Willie and I know Ronald, all right. Whenever he gets a certain look, it means something unpleasant is sure to happen to an innocent bystander, namely Willie or me.

“He would be thinking up something right now when we have to keep our mind on the case,” said Willie. “Do you suppose he is planning to find the glasses himself and muscle us out of the detective business?”

“He doesn’t want them found,” I said. “His comic book business is too good.” And that’s when the idea hit me. “Willie!” I said.

“Don’t bust my eardrum,” said Willie in a sort of depressed way. Ronald is a depressing subject.

“When we go swimming,” I said, “does Ronald ever go in the water first?”

“Of course not,” said Willie. “He waits until someone else sees how cold it is. Everybody knows that.”

“At scout camp when Jackie Carr is cook, does Ronald ever take the first bite?”

“You know he doesn’t,” said Willie. “He never takes a chance. What are you getting at?” he asked me.

“Well, he brought those comic books to school this morning!” I said. “How’d he know Miss Easter wouldn’t find her glasses all of a sudden and catch him in the act?”

This was really funny. I mean, Ronald is real careful. Willie got the point right away, but he didn’t get the answer. He stared at me with his mouth open. This was the time we looked the most like two detectives.

“He was cleaning blackboards yesterday afternoon,” I said. “He probably went snooping around the rooms during teachers’ meeting.”

Willie slapped himself so hard that accidentally, as he discovered later, he killed Homer XVIII. None of Willie’s frogs live very long. “Andy,” he said, “as a detective, you are a natural-born. Boy, what a brain! We got it. Ronald is the thief.”

“But how are we going to prove it?” I said.

“You could wrestle him down tomorrow at recess and go through his pockets. I’ll watch for teachers.”

“Ronald wouldn’t have the evidence on him. He wouldn’t take a chance. What we got to do is get into his mind. He’s planning something.”

“Well, I ain’t getting into no mind like that,” said Willie. “Imagine him stealing those glasses! How lowdown can you get?
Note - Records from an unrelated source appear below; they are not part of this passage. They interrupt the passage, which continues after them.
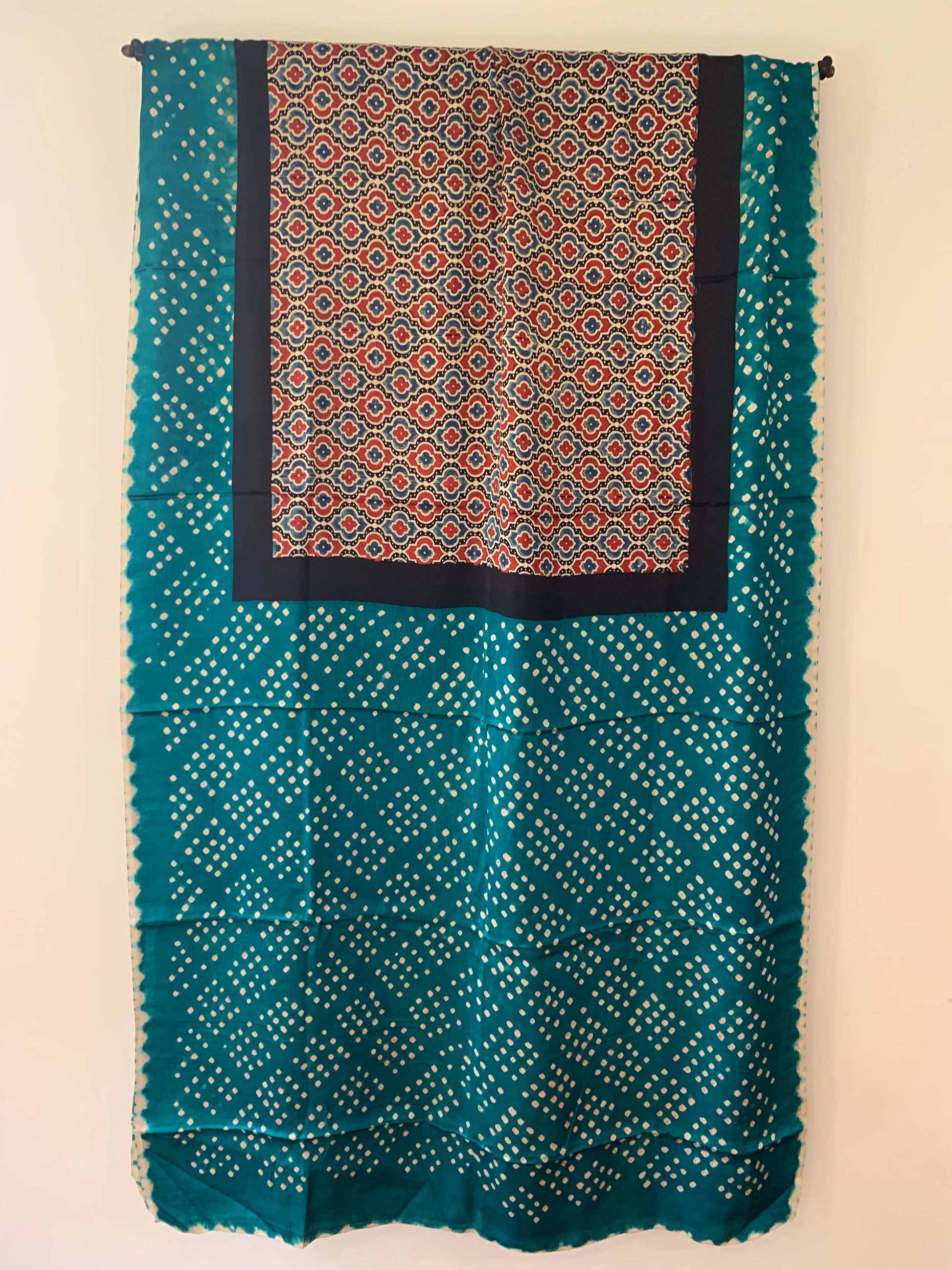 Techniques - Rama Green Bandhani pallu & Ajrak body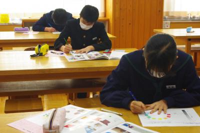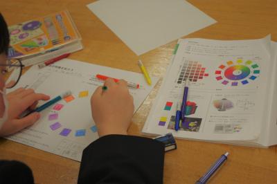 美術 色について学んでいます。例えばサッカーのイエローカードように、言葉を介さなくても色で意味を表現できるなど、色の意味についても学んでいます。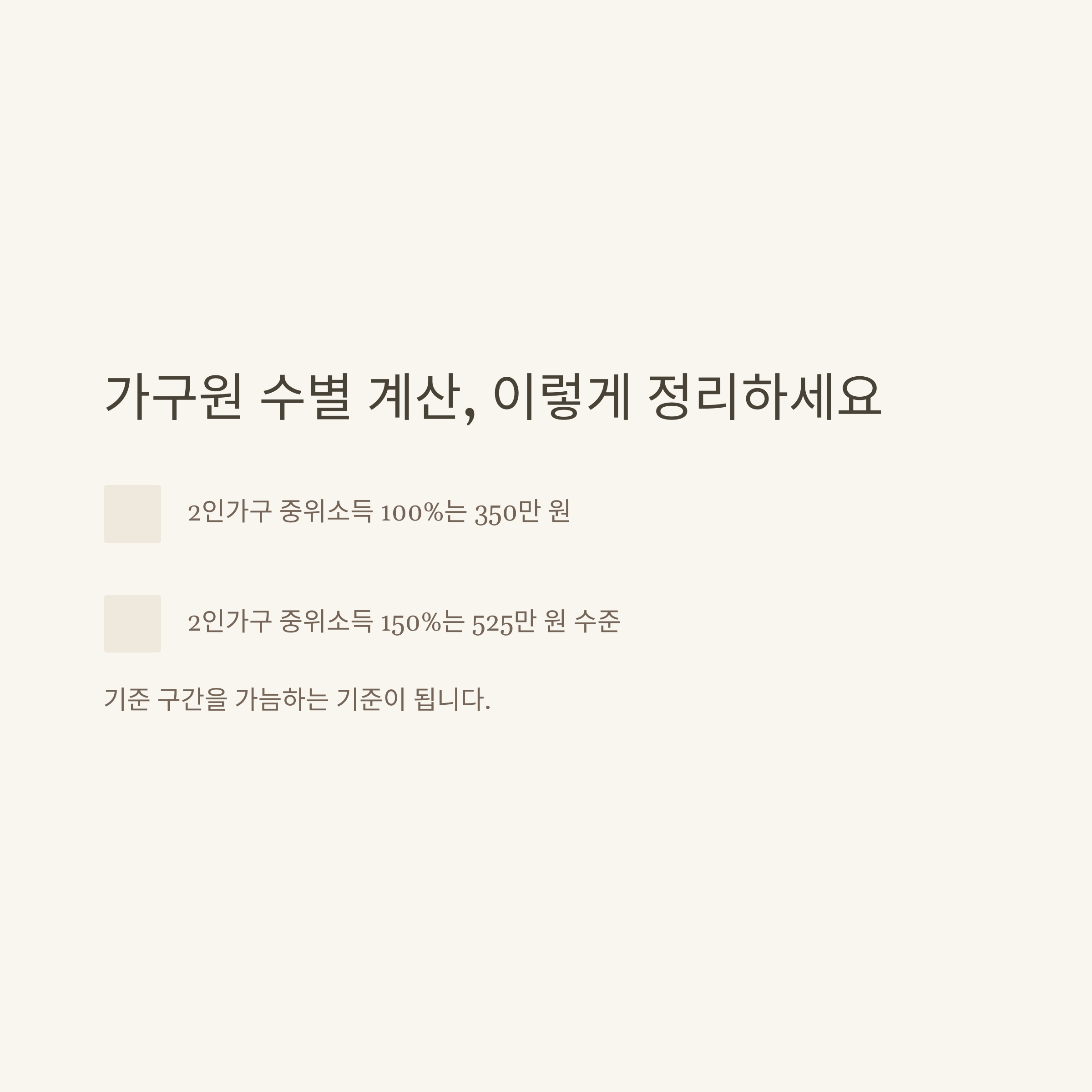 중위소득은 가구원 수에 따라 달라지기 때문에, 내가 어떤 기준에 해당하는지를 정확히 판단하려면 가구원 수에 맞는 수치를 알아야 합니다. 저는 3인 가구로 생계급여 대상 여부를 확인할 때, 중위소득 50%가 얼마인지 계산해보며 이 구조를 체감했어요.
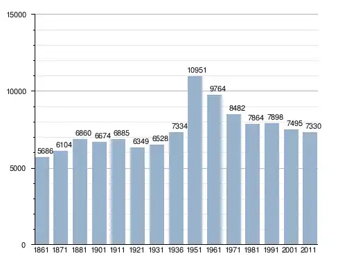 في سنة 1861 بلغ عدد السكان 5٬686 نسمة، وتطور العدد ليصل في سنة 2011 لـ 7٬330 نسمة.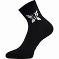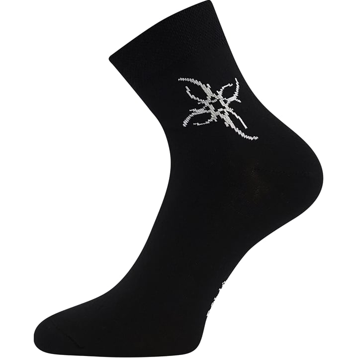Ponožky TATOO jsou dámské i pánské hladké ponožky ve střední výšce nad kotník. Slabé ponožky mají vysoký podíl bavlny, jsou tak velmi příjemné na omak a výborně sají pot. Elastan dobře drží tvar ponožek. Jemný lem nikde neškrtí a nezamezuje oběhu krve. Půvabné ponožky jsou vhodné na celodenní nošení. Jednobarevné ponožky zdobí motiv tetování, na výběr jsou 3 varianty ve výhodném balení.
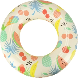 Det legende print med bananer, vandmeloner og andre motiver giver ekstra sjov i vandet, og børn bruger ringen med glæde.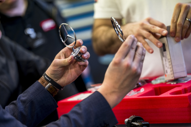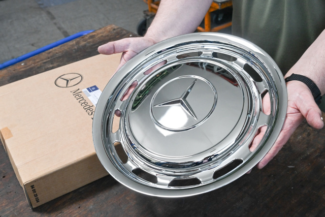 Dabei ist der aktuelle Fundus an historischen Ersatzteilen ist größer und tiefer als gedacht, denn unter den 160.000 Teilepositionen im gigantischen Ersatzteilcenter in Germersheim befinden sich zum Beispiel gleich mehrere Öler des historischen Benz Patent-Motorwagens von 1886. Wer so ein Fahrzeug besitzt, kann das Ersatzteil kurzfristig bekommen. Zugegeben – deutlich beliebter sind die Mercedes-Sterne, die im aktuellen Klassikangebot in über 40 verschiedenen Ausführungen zu bekommen sind. Pro Jahr werden allein davon 20.000 Exemplare verkauft. Darf es etwas größer sein? Das aktuell größte verfügbare Ersatzteil ist der hintere Kotflügel der Maybach-Baureihe vom Typ 240 mit einer Länge von stattlichen 237 Zentimetern.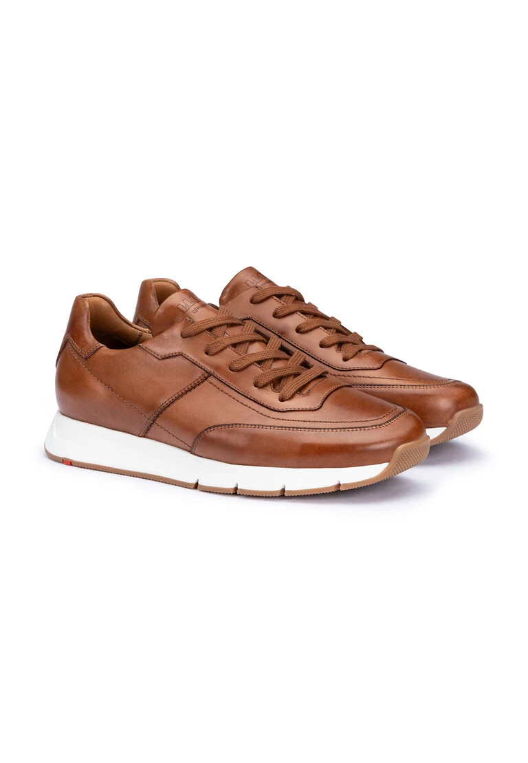 Present the LLOYD “AMSTERDAM” sneaker, which impresses with its high-quality smooth leather upper and appealing brown color scheme. The round toe shape creates a timelessly elegant silhouette that is perfect for both business and leisure occasions. With a combination of 60% leather and 40% textile in the lining, the shoe offers an appealing feel and long-lasting comfort. The lace-up fastening allows you to customize the feel, while the removable insole gives you the option of adapting the sneaker to suit your needs. Another highlight is the Extralight design, which promises lightness and flexibility. The LLOYD “AMSTERDAM” combines stylish design and functionality in an ideal way for modern men.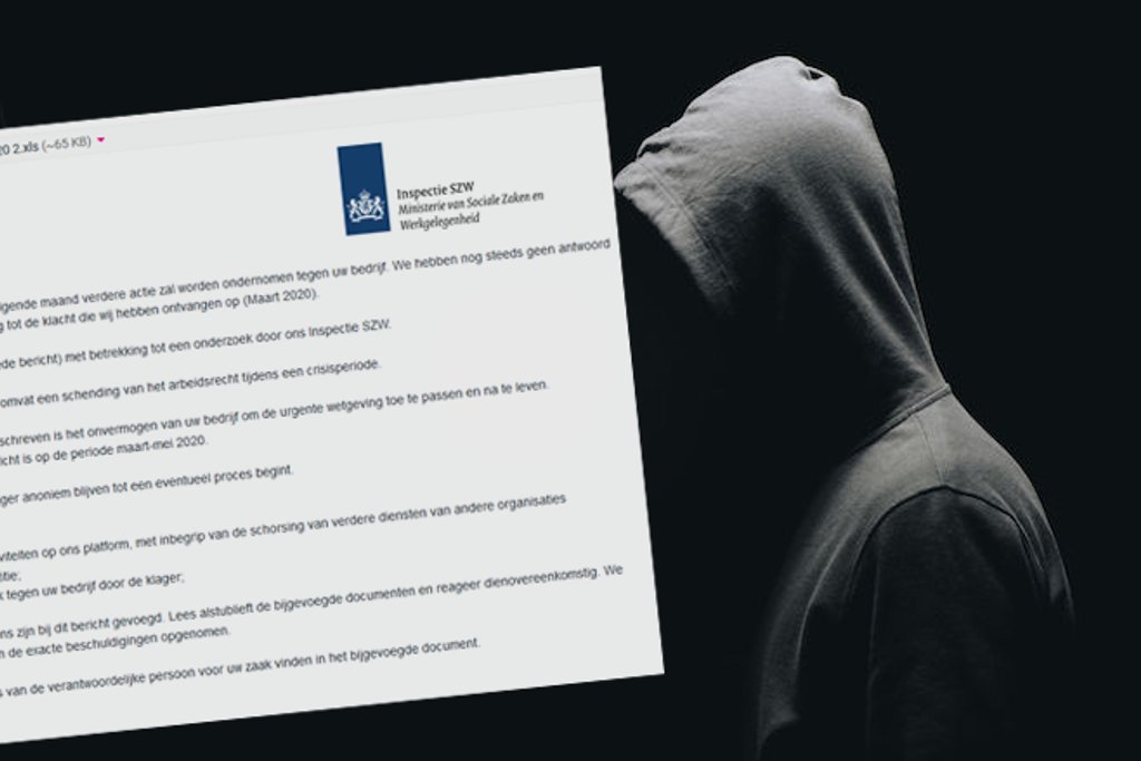 Verschillende ondernemers maken melding van dreigende mails uit naam van Inspectie SZW. Er zou een onderzoek worden gestart wegens een schending van het arbeidsrecht tijdens de coronacrisis. De mail bevat een bijlage met een samenvatting van de klachten en beschuldigingen, maar niets is minder waar: deze mail bevat schadelijke malware.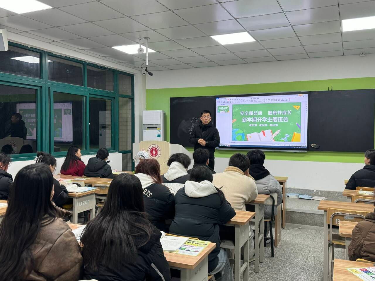 新学期伊始,为进一步增强学生安全意识,筑牢安全防线,旅游健康学院各班级围绕寝室安全、校园安全、防诈骗等内容展开安全主题教育班会。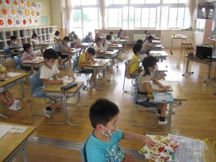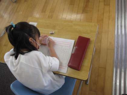 先生は実物投影機を使って、児童に分かりやすく説明しています。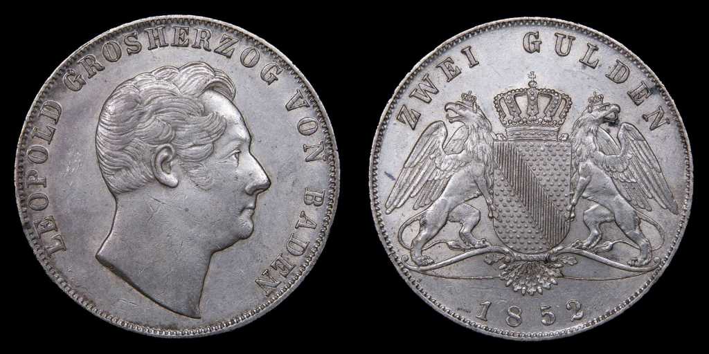 Lote 379. Alemania. Gran Ducado de Baden. Leopold I (1830-1852) 2 Gulden 1852. Baden-Württemberg mint. Plata 900; 36.0mm; 21.24g. Emisión de 141.860 ejemplares. KM222 (XF)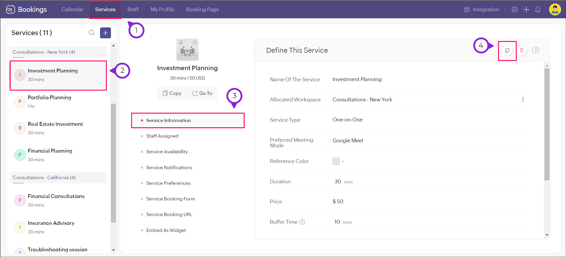 When a new service is added, it involves configuring various settings like preferences, availability, notifications, and more. When multiple services need to be created, it can be time-consuming to configure the same settings repeatedly. To avoid this, a service can be copied to create new services with the same set of configurations.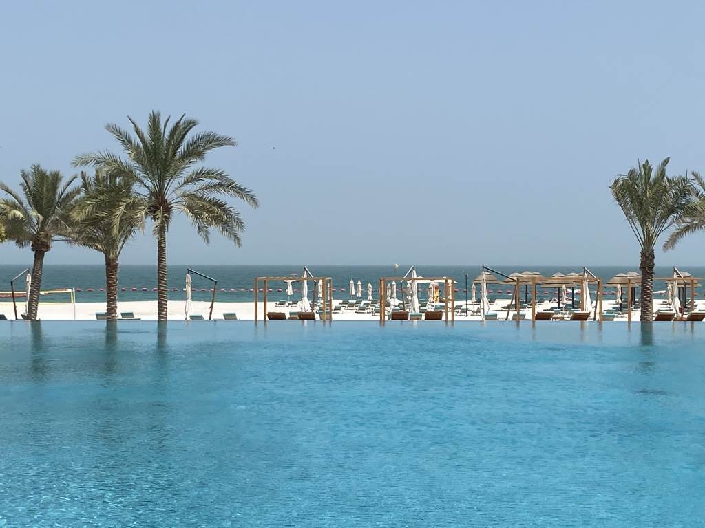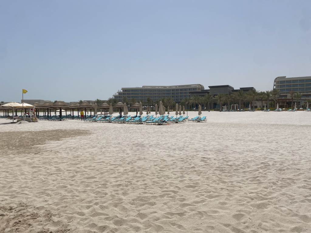 Der Strand ist ein typischer künstlicher Sandstrand, wie man ihn in den Vereinigten Arabischen Emiraten erwartet. Mit zahlreichen Liegen und während des gesamten Tages von einem Rettungsschwimmer überwacht.

Besides, I get into James’s mind and now it’s your turn.”

So we agreed that next day in school I would take the dirty job and concentrate on the inside of Ronald’s head and Willie would keep an eye on his hands and feet. But twenty-four hours later we had to admit we were not any closer to figuring out what Ronald had done with the glasses or just what he was planning. All day he had tended to his comic book business and when he wasn’t making change, he was making a good impression. Ronald is the type who likes to wave his hand in the air and recite. But all the time he had this look I mentioned that he gets when something is going to happen to Willie or me. It would have made anybody but us nervous.

We were talking about this on the way home from school that day when suddenly Willie slapped his pockets. “Jeepers,” he said, “I was so busy keeping an eye on Ronald that I forgot and left Homer XIX in my desk. I’ve got to go back for him. He hates school so far.”

As it turned out for us, it was a good thing Willie was absent-minded that day. We decided it would be more interesting to go back through the window. Our classroom was on the ground floor, but when we’d worked our way around to it behind the shrubbery we found that the windows were too high up for Willie. But I could make it easy if Willie got on his back.

I climbed up and looked in the room. There was Ronald Pruitt washing the blackboard and Miss Easter grading papers. Everything was quiet except the sound of Ronald swishing the sponge across the board. It was funny. Ronald kept looking over his shoulder at Miss Easter and washing the same piece of blackboard over and over again.